The perfect way to begin a late summer day is to take a long morning walk through the garden. For a change of pace, stroll through the garden without intention. Enjoy the flowers, the foliage and the combination of plant color and texture. It's the perfect time to daydream. Make a mental note of any colors you would like to add to the garden. Ask yourself what area of the garden could use a fresh, new plant to fill a void?

Of course, there are few gardeners who can peruse their own garden without pulling a stray weed or clipping off a spent flower head. When I'm working in the garden, I carry a canvas bag loaded with pruners, a folding knife and other garden tools. Every morning, I throw in a pair of gloves and a refilled bottle of water. If I didn't have this garden tote, I would be forever retracing my steps to the barn to get the tool or item I needed for the next chore.

I won't list all the things I carry in this bag but I do have a portable radio, a silver pocket watch with a cover to protect it from dirt and a folding magnifying glass to help me see the world I cannot see without it. In one pocket is a small glass container of liquid Band-Aid for those unexpected scrapes and cuts. One more item I often use is a roll of green, stretchy garden tape. With this I can stop and tie up any wayward plants attempting to overtake their nearby neighbors.

Every year, there comes a time when I have to stop at the first arbor along the garden path and tie in a leggy, rambling rose. By midsummer, the side branches of this climber, called Zepherine Drouhin, flop over and out into the pathway. It's the new stems that grow from mature branches that flop the most. With my garden tape handy, I can tackle the job of tying them in when I first see the need.

This rose is a perfect climber for walkways since it is virtually thornless and its scent is strong enough to fill the air for several feet. Its rich, fuchsia-pink blossoms contrast nicely with the summer blooming Golden Clematis (C. tangutica) that grows up the other side of the arbor. In less than an hour, both plants are properly trained to carry the eye up and over the arch, where they meet in a fusion of contrasting color.

Later in the afternoon, after a day of garden work, I like to bring a cup of coffee outside and relax at a table on the deck. This is my favorite place to daydream.
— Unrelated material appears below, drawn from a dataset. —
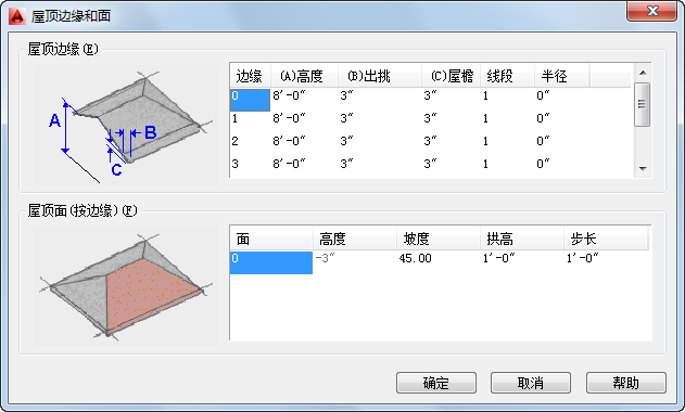 | 修改屋顶边缘的高度 | 选择屋顶边缘的“高度”,然后输入高度值。 |
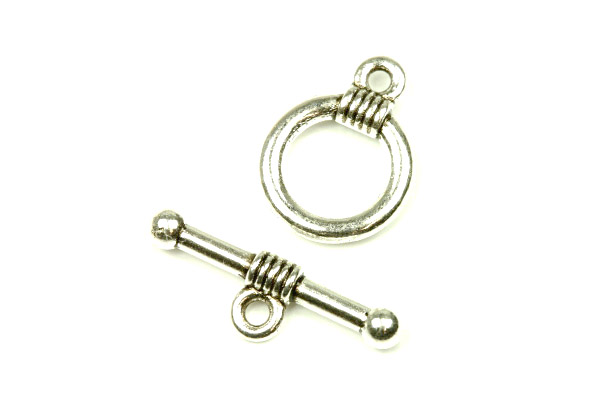 Americké zapínání z bižuterního kovu a v povrchové úpravě v barvě starostříbra. Zapíná se prostrčením tyčinky kroužkem, která se následně o kroužek zasekne a zapínání tak velmi dobře drží.

Many years ago, from this same deck, I dreamt of building a structure in one of the large lawn areas to enhance the charm of my garden. That dream came true with a small garden cottage made in Finland. Its steeply sloping roof is set off by a view of the city in the background.

An unexpected surprise was the lovely views of the garden from inside the cottage. Since the structure is six sided, there is a different garden picture out of every window. It has become quite the gathering place as a shelter from the rain in winter and spring and as a party room on warm summer evenings. I am often here by myself, which is fine by me, since a gardener needs some time alone and the occasional day in the garden with nothing to do.

Summer came late this year. I have a feeling autumn will be here early. I was outside last night, sitting in a large, cushioned garden chair looking up to the stars. This was around eight o'clock, and I noticed it was getting dark. Those days of sunlight until 9:30 p.m. and beyond are already gone.